Google Researchers Introduce System To Rank Web Pages On Facts, Not Links
Will Google someday rank web pages based on how accurate they are? A new paper suggests they might.
Close your eyes and imagine a world where web pages are ranked not only on popularity — i.e., the links that point to them — but also by the accuracy of information they contain. That world may not be too far off.
As New Scientist recently reported, a team of research scientists at Google has published a paper (PDF) explaining the idea of Knowledge-Based Trust (KBT), an alternate way of determining the quality of web pages by looking at how accurate they are.
The quality of web sources has been traditionally evaluated using exogenous signals such as the hyperlink structure of the graph. We propose a new approach that relies on endogenous signals, namely, the correctness of factual information provided by the source. A source that has few false facts is considered to be trustworthy.
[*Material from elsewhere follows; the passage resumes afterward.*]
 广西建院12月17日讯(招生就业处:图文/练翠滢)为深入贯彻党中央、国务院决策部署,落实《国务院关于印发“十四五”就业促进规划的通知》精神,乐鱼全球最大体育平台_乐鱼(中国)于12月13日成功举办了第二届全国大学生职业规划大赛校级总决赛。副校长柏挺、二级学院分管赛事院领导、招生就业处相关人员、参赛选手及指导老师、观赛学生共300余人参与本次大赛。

The paper goes on to describe how Google could use an extraction process to compare the facts it finds on web pages to facts that are stored in a knowledge base (think Knowledge Graph/Knowledge Vault), and reward pages that are found to be more accurate. In cases where a single web page doesn’t have enough facts, the paper suggests relying on other pages from the same website to determine trustworthiness.
Google has been building a massive database of known facts for years, and in 2012 introduced its Knowledge Graph. That’s the source of those information boxes that show on the right side of Google search results (primarily) for searches involving people, places and known entities.
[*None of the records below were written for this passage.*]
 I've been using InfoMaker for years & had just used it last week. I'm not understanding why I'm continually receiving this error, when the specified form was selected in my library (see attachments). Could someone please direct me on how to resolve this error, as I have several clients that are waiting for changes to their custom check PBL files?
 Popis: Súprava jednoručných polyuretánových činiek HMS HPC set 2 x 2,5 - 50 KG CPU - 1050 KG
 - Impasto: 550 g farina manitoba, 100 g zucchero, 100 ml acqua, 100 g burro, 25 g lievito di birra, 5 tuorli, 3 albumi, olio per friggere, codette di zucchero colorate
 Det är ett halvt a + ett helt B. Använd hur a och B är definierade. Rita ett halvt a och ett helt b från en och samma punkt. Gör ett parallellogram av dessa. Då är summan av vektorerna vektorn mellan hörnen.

The authors say their early tests of Knowledge-Based Trust have been promising. “We applied it to 2.8 billion triples extracted from the web, and were thus able to reliably predict the trustworthiness of 119 million web pages and 5.6 million websites.” (Note: The paper uses “triples” to describe the factual elements found and extracted from web pages.)
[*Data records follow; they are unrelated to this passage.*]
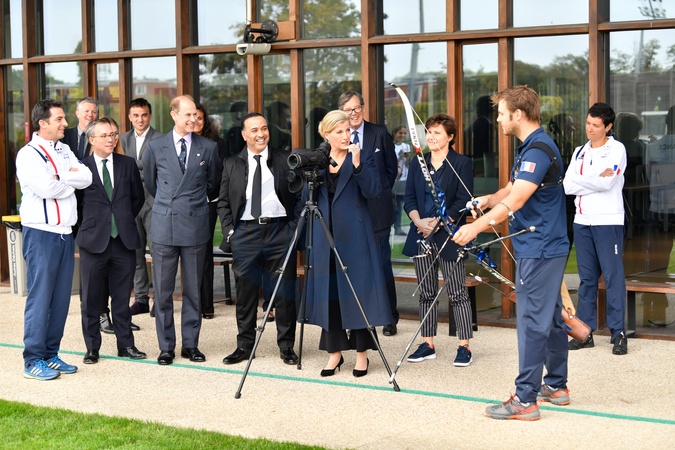 Ksiaze Edward z zona Sophie ucza sie strzelac z luku
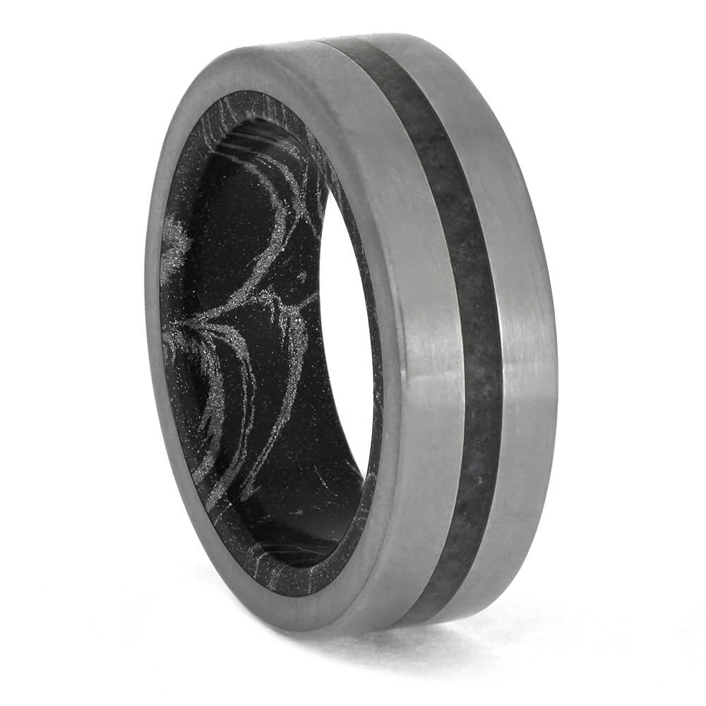 This simple matte titanium ring contains hidden surprises. With a crushed blue sapphire inlay and a composite mokume gane sleeve, this ring is more than what it seems.
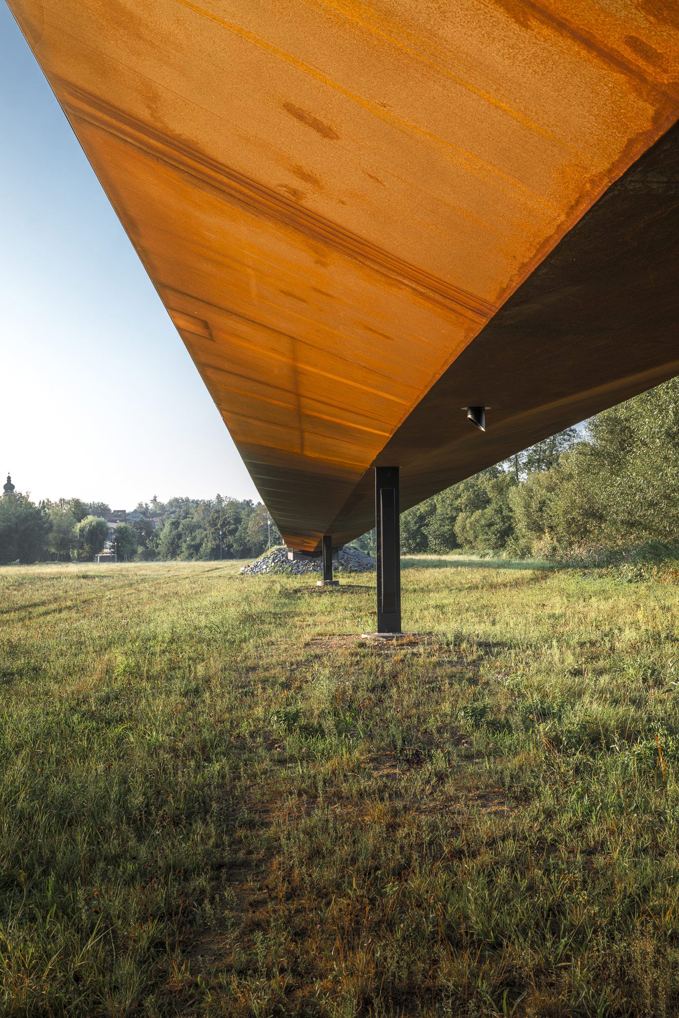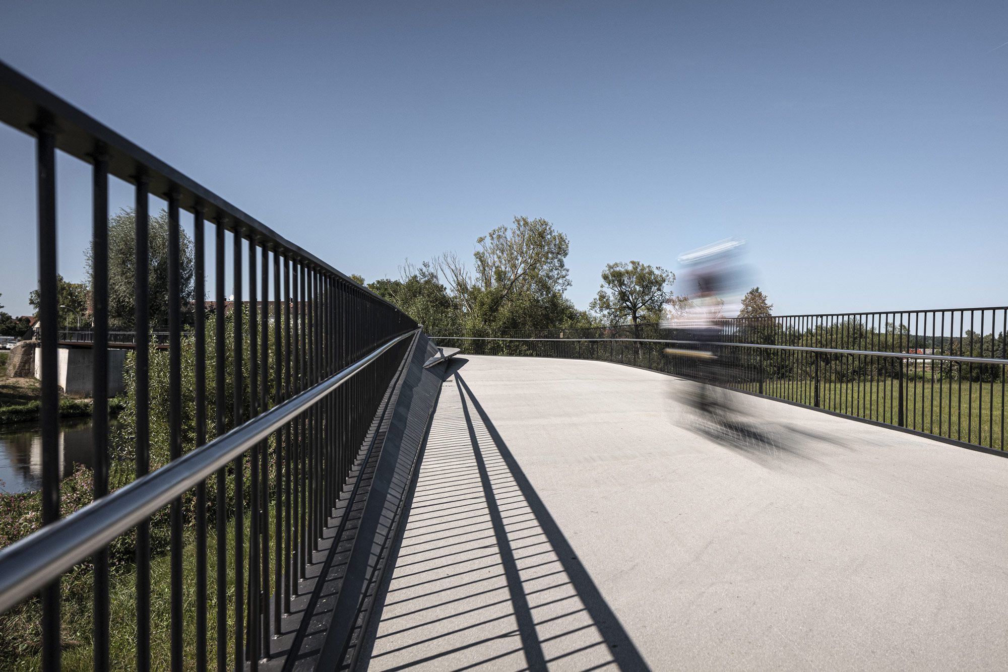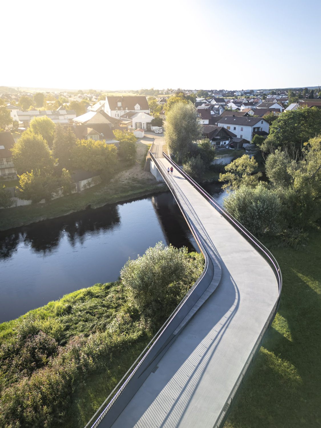 Die Regenbrücke in Roding verlangt keine Aufmerksamkeit. Kein Pylon, kein Bogen, keine Geste, die sich in den Vordergrund drängt. Sie liegt still über dem Fluss — eine horizontale Linie, die den Blick erst dann einfängt, wenn man beginnt, sie wirklich zu lesen.
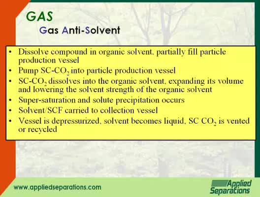 An overview of the methods used to produce nanoparticles using supercritical fluid. for more in formation, visit http://www.appliedseparations.com/Supercritical
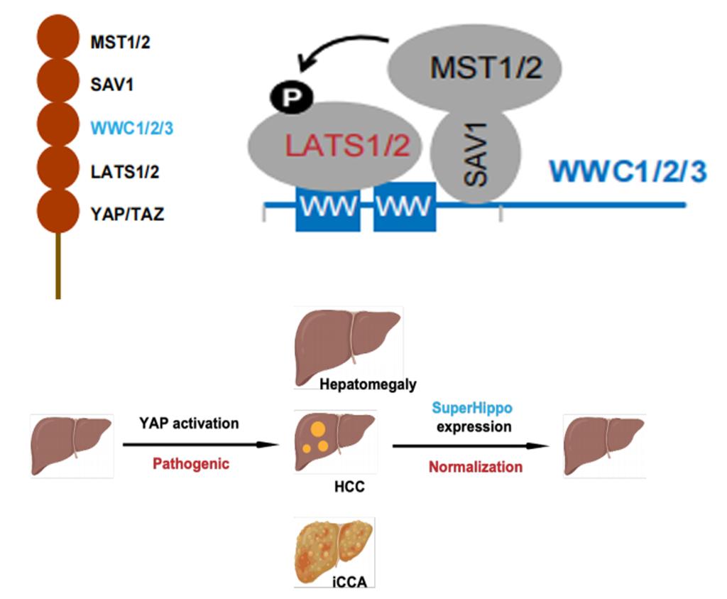 随后余教授详细介绍了WWC蛋白家族(WWC1/2/3)在MST1/2激活LATS/2过程中的重要功能及分子机制,并基于此机制开发了SuperHippo迷你基因,后者能够特异性激活LATS1/2并显著抑制多种肿瘤的发生(图2),该研究在基础及转化研究层面推动了Hippo领域的发展。
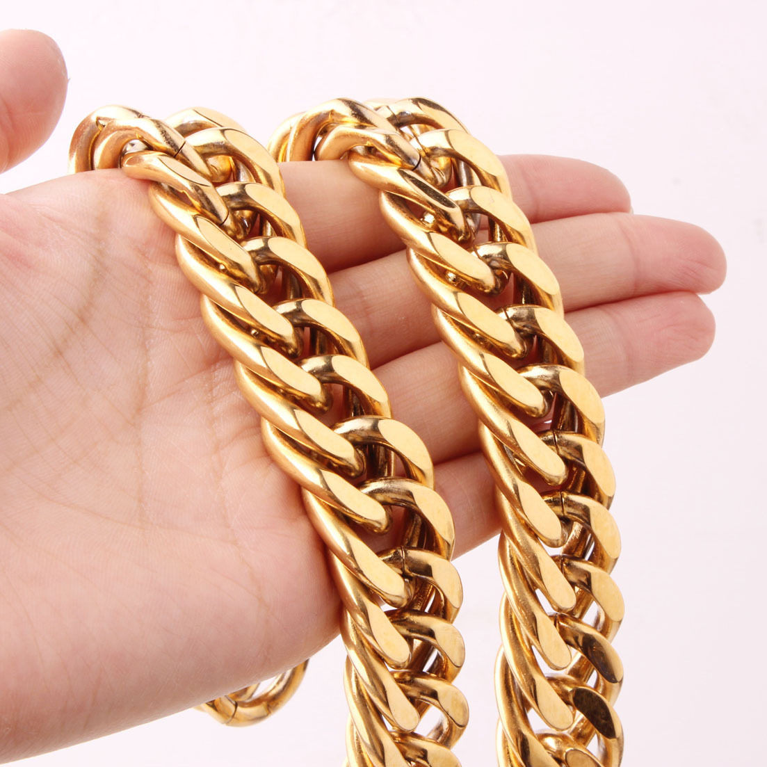 粗款 日韩百搭双层不锈钢颈链手链 霸气钛钢项链 金色和钢色男士

This KBT concept wouldn’t necessarily work uniformly across the internet, since many web pages don’t exist to share facts and aren’t about entities that exist in a Knowledge Graph-style database.
Along those lines, the authors say this way of measuring trustworthiness “provides an additional signal for evaluating the quality of a website,” and could be used “in conjunction with existing signals such as PageRank” — not necessarily as a replacement.